* _Problem statement_
Retype all data exactly as given. Pictures should not be retyped.

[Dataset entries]
****************
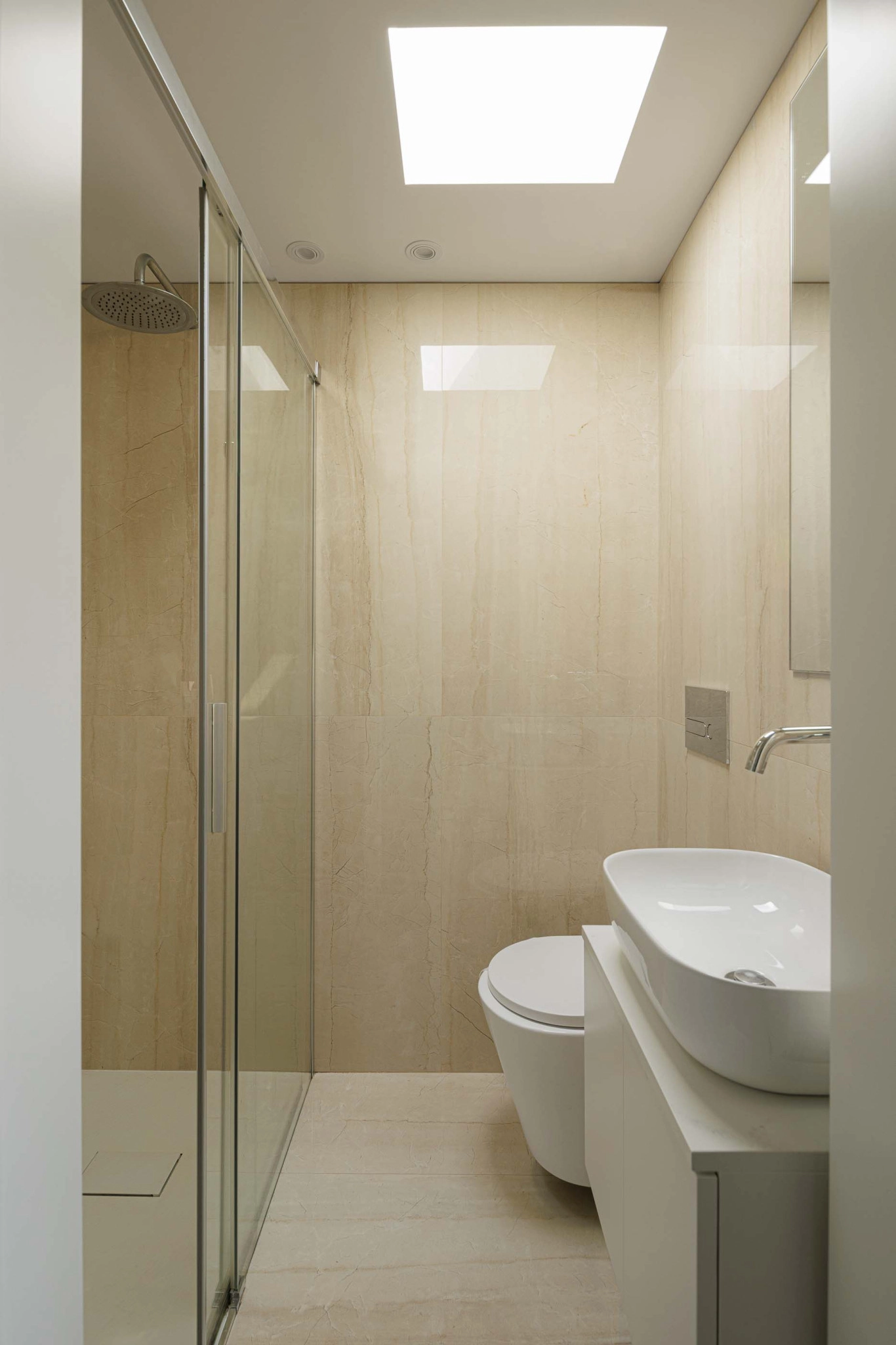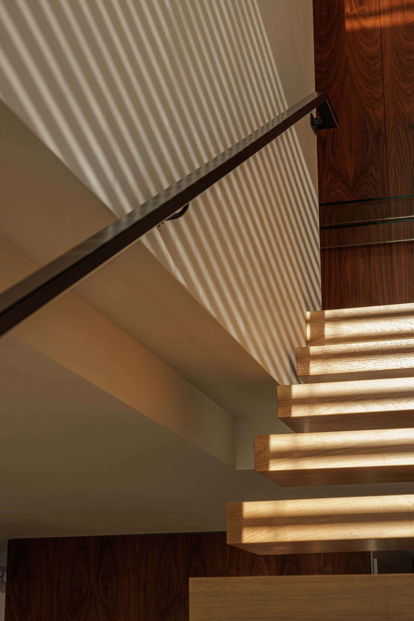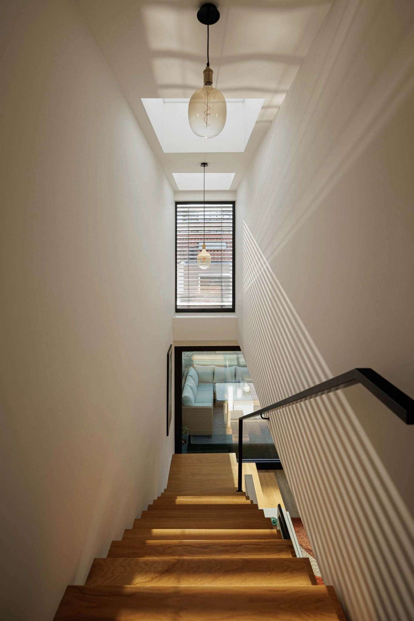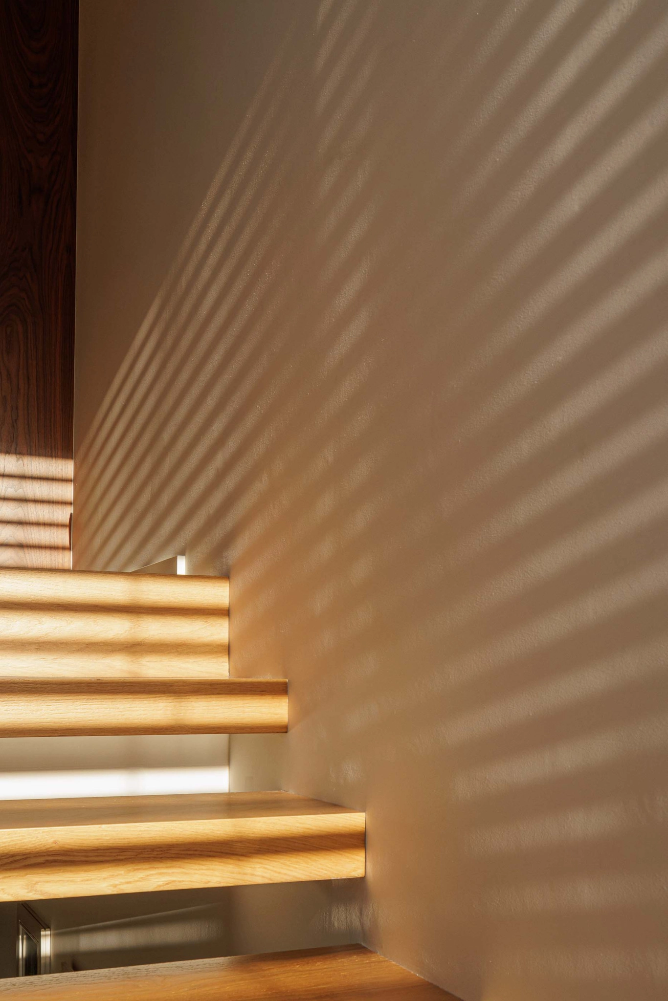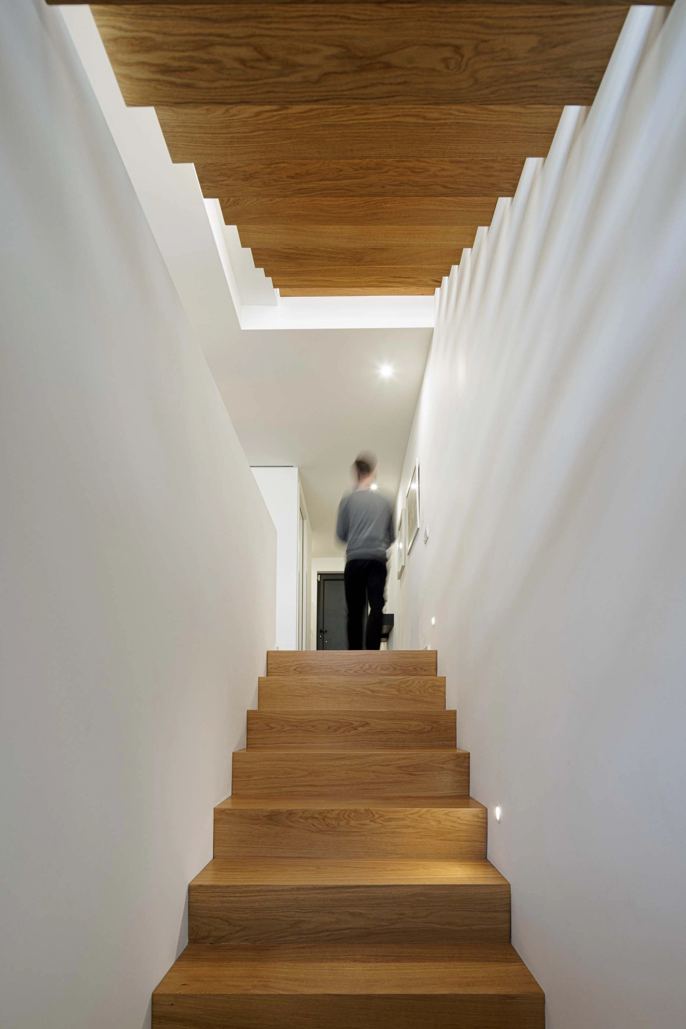 A localização da caixa de escadas junto à parede sul e a presença de um ponto de luz zenital garantem uma iluminação natural eficiente, beneficiando a moradia cuja orientação solar é limitada. A construção nova será dotada das mesmas características térmicas e acústicas do edifício existente, com paredes exteriores isoladas pelo interior e acabadas com placas de gesso cartonado. As paredes exteriores desenterradas serão construídas com bloco térmico e sistemas ETICS pelo exterior. A fachada ventilada em fenólico será aplicada no piso 1 da ampliação, incluindo um painel perfurado na fachada norte para iluminação e ventilação.
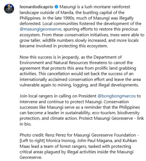 DiCaprio’s plea to President Marcos comes at a crucial time. The actor urged the president to join local rangers and conservationists in their fight to maintain the protection of Masungi. “Join local rangers in calling on President @bongbongmarcos to intervene and continue to protect Masungi,” DiCaprio implored. He underscored the broader significance of such conservation successes, which not only protect the environment but also highlight the Philippines’ potential as a leader in sustainability, eco-tourism, biodiversity protection, and climate action.
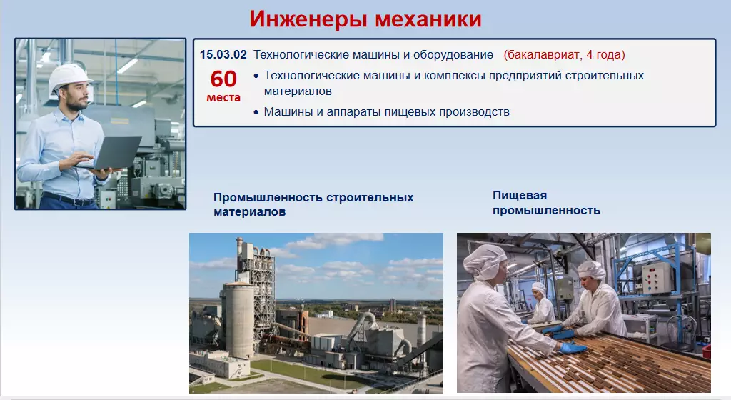 Обучение специализируется на подборе технологических машин и оборудования, организации их монтажа, наладки, обслуживания, ремонта и модернизации. Свою деятельность осуществляет на предприятиях промышленности по производству строительных материалов, изделий и конструкций, горнорудной промышленности, пищевой и перерабатывающей промышленности, на машиностроительных предприятиях.
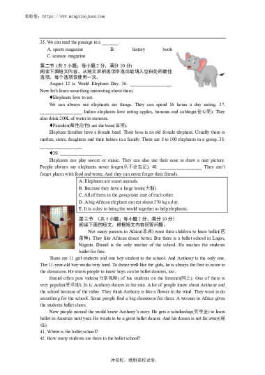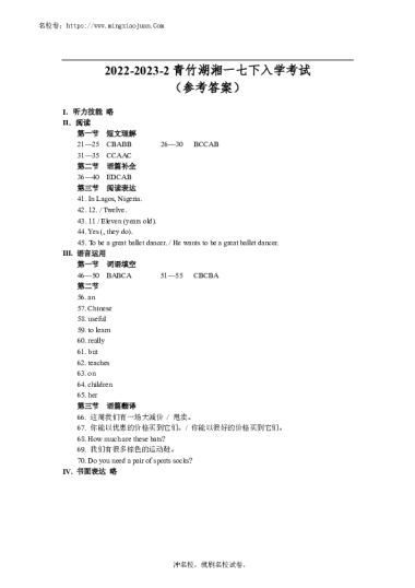 转载请注明出处: 名校卷 » 英语试卷+答案2023青竹湖湘一七下入学考试英语
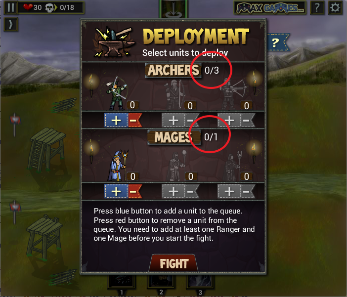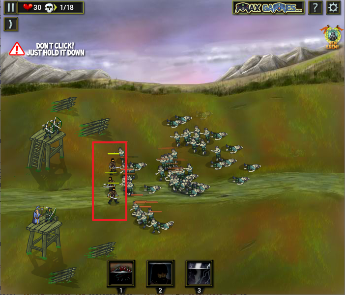 궁수와 마법사를 숫자가 되는 만큼 선택을 하고나면 알아서 적을 방어합니다.
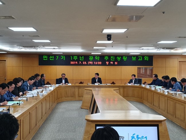 지난 23일 시청 창의실에서 개최된 공약추진상황 보고회
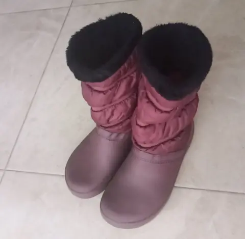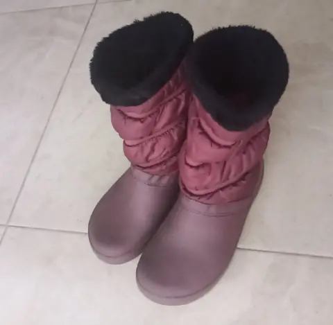 Botas crocs originales, color vino, número 25, muy cómodas y muy calientitas porque tienen peluche por dentro, uso de un par de veces, se mantienen en perfecto estado.
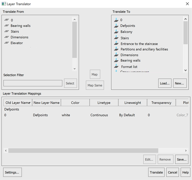 | Load… | Loading layers into the Translate to list from a drawing (.dwg), template (.dwt) or standards file (*.dws). If the downloaded file already contains a Layer Translation Mappings table (files created using the Save… button), then this information will be displayed in the Layer Translator window. You can load layers from multiple files into one drawing. When loading files with same name layers, the layer loaded first is included in the Translate to list. Likewise, the loading of a mapping table element is canceled if it matches one in the drawing. |
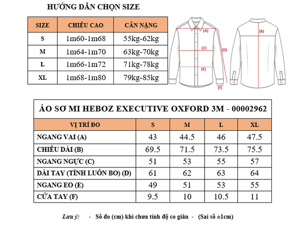 Áo sơ mi nam Heboz Executive oxford 3M - 00002962
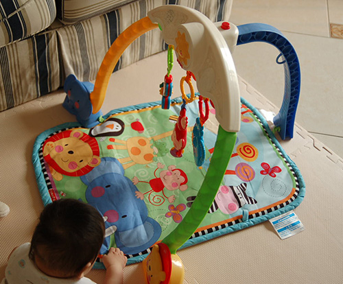 费雪健身毯,从会躺、会趴到会坐都可以玩,宝宝很喜欢,可以练习小手的抓握动作。
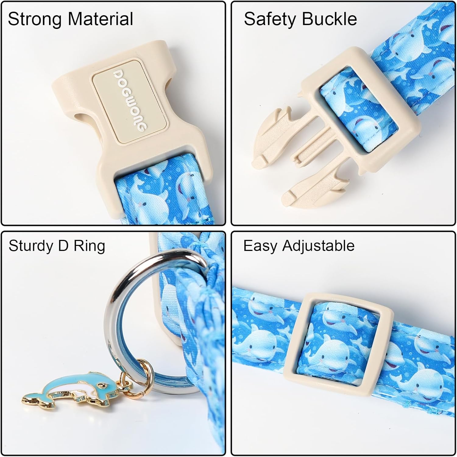 DOGWONG Whale Cotton Dog Collar, Summer Cute Shark Dog Collar Durable Soft Fabric Male Pet Dog Collars Boy Puppy Necklace for Small Medium Large Dogs
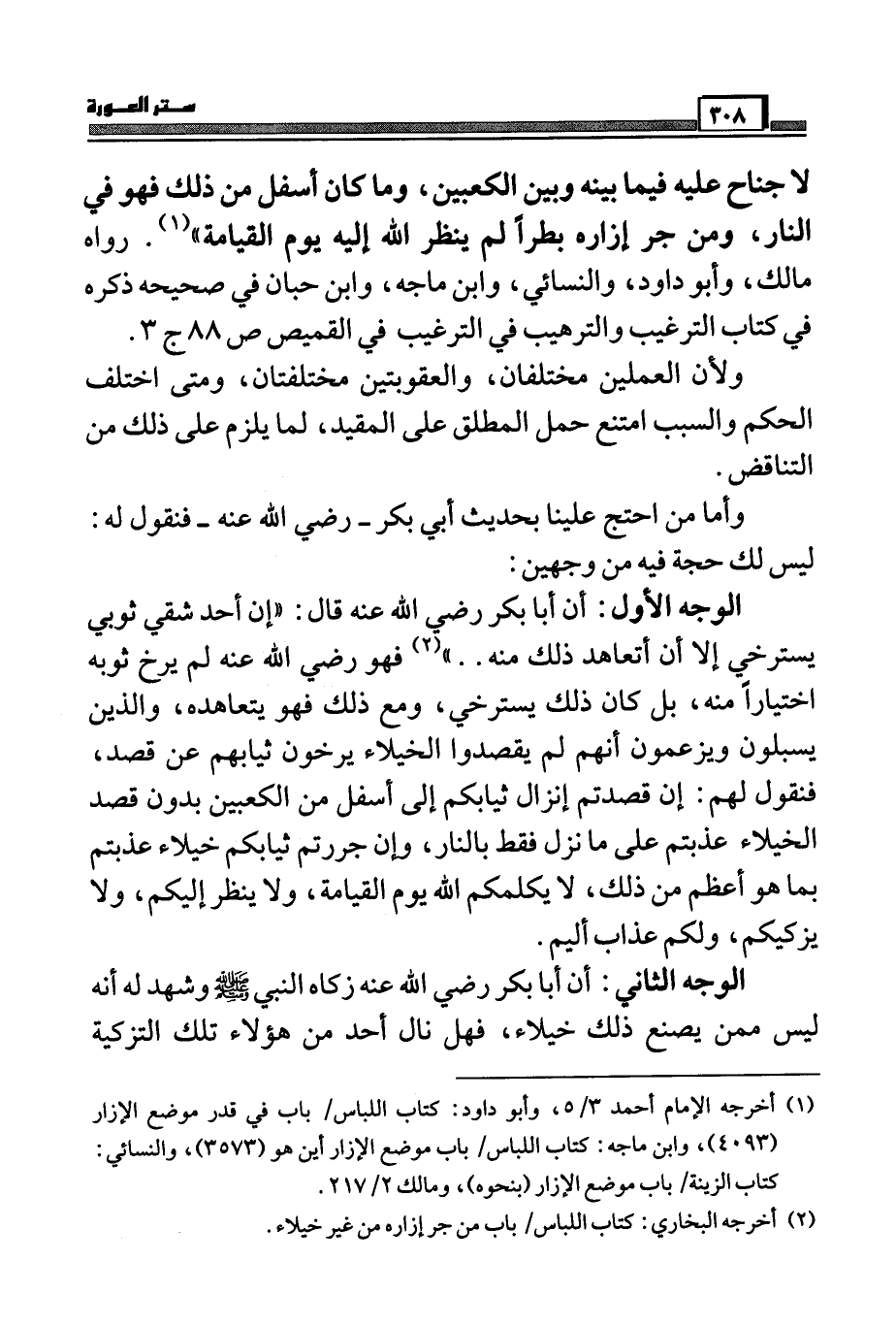 الوجه الأول: أن أبا بكر رضى الله عنه قال: ((إن أحد شقي ثوبي يسترخي إلا أن أتعاهد ذلك منه..)) (¬2) فهو رضى الله عنه لم يرخ ثوبه اختياراً منه، بل كان ذلك يسترخي، ومع ذلك فهو يتعاهده، والذين يسبلون ويزعمون أنهم لم يقصدوا الخيلاء يرخون ثيابهم عن قصد، فنقول لهم: إن قدتم إنزال ثيابكم إلى أسفل من الكعبين بدون قصد الخيلاء عذبتم على ما نزل فقط بالنار، وإن جررتم ثيابكم خيلاء عذبتم بما هو أعظم من ذلكم، لا يكلمكم الله يوم القيامة، ولا ينظر إليكم، ولا يزكيكم، ولكم عذاب أليم.
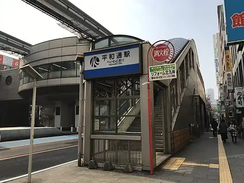 Heiwadōri Station (平和通駅, Heiwadōri-eki) is a Kitakyushu monorail station in Kokura Kita-ku, Kitakyūshū, Fukuoka Prefecture, Japan.[1]
****************
* _Response to the task_
 A localização da caixa de escadas junto à parede sul e a presença de um ponto de luz zenital garantem uma iluminação natural eficiente, beneficiando a moradia cuja orientação solar é limitada. A construção nova será dotada das mesmas características térmicas e acústicas do edifício existente, com paredes exteriores isoladas pelo interior e acabadas com placas de gesso cartonado. As paredes exteriores desenterradas serão construídas com bloco térmico e sistemas ETICS pelo exterior. A fachada ventilada em fenólico será aplicada no piso 1 da ampliação, incluindo um painel perfurado na fachada norte para iluminação e ventilação.
 DiCaprio’s plea to President Marcos comes at a crucial time. The actor urged the president to join local rangers and conservationists in their fight to maintain the protection of Masungi. “Join local rangers in calling on President @bongbongmarcos to intervene and continue to protect Masungi,” DiCaprio implored. He underscored the broader significance of such conservation successes, which not only protect the environment but also highlight the Philippines’ potential as a leader in sustainability, eco-tourism, biodiversity protection, and climate action.
 Обучение специализируется на подборе технологических машин и оборудования, организации их монтажа, наладки, обслуживания, ремонта и модернизации. Свою деятельность осуществляет на предприятиях промышленности по производству строительных материалов, изделий и конструкций, горнорудной промышленности, пищевой и перерабатывающей промышленности, на машиностроительных предприятиях.
 转载请注明出处: 名校卷 » 英语试卷+答案2023青竹湖湘一七下入学考试英语
 궁수와 마법사를 숫자가 되는 만큼 선택을 하고나면 알아서 적을 방어합니다.
 지난 23일 시청 창의실에서 개최된 공약추진상황 보고회
 Botas crocs originales, color vino, número 25, muy cómodas y muy calientitas porque tienen peluche por dentro, uso de un par de veces, se mantienen en perfecto estado.
 | Load… | Loading layers into the Translate to list from a drawing (.dwg), template (.dwt) or standards file (*.dws). If the downloaded file already contains a Layer Translation Mappings table (files created using the Save… button), then this information will be displayed in the Layer Translator window. You can load layers from multiple files into one drawing. When loading files with same name layers, the layer loaded first is included in the Translate to list. Likewise, the loading of a mapping table element is canceled if it matches one in the drawing. |
 Áo sơ mi nam Heboz Executive oxford 3M - 00002962
 费雪健身毯,从会躺、会趴到会坐都可以玩,宝宝很喜欢,可以练习小手的抓握动作。
 DOGWONG Whale Cotton Dog Collar, Summer Cute Shark Dog Collar Durable Soft Fabric Male Pet Dog Collars Boy Puppy Necklace for Small Medium Large Dogs
 الوجه الأول: أن أبا بكر رضى الله عنه قال: ((إن أحد شقي ثوبي يسترخي إلا أن أتعاهد ذلك منه..)) (¬2) فهو رضى الله عنه لم يرخ ثوبه اختياراً منه، بل كان ذلك يسترخي، ومع ذلك فهو يتعاهده، والذين يسبلون ويزعمون أنهم لم يقصدوا الخيلاء يرخون ثيابهم عن قصد، فنقول لهم: إن قدتم إنزال ثيابكم إلى أسفل من الكعبين بدون قصد الخيلاء عذبتم على ما نزل فقط بالنار، وإن جررتم ثيابكم خيلاء عذبتم بما هو أعظم من ذلكم، لا يكلمكم الله يوم القيامة، ولا ينظر إليكم، ولا يزكيكم، ولكم عذاب أليم.
 Heiwadōri Station (平和通駅, Heiwadōri-eki) is a Kitakyushu monorail station in Kokura Kita-ku, Kitakyūshū, Fukuoka Prefecture, Japan.[1]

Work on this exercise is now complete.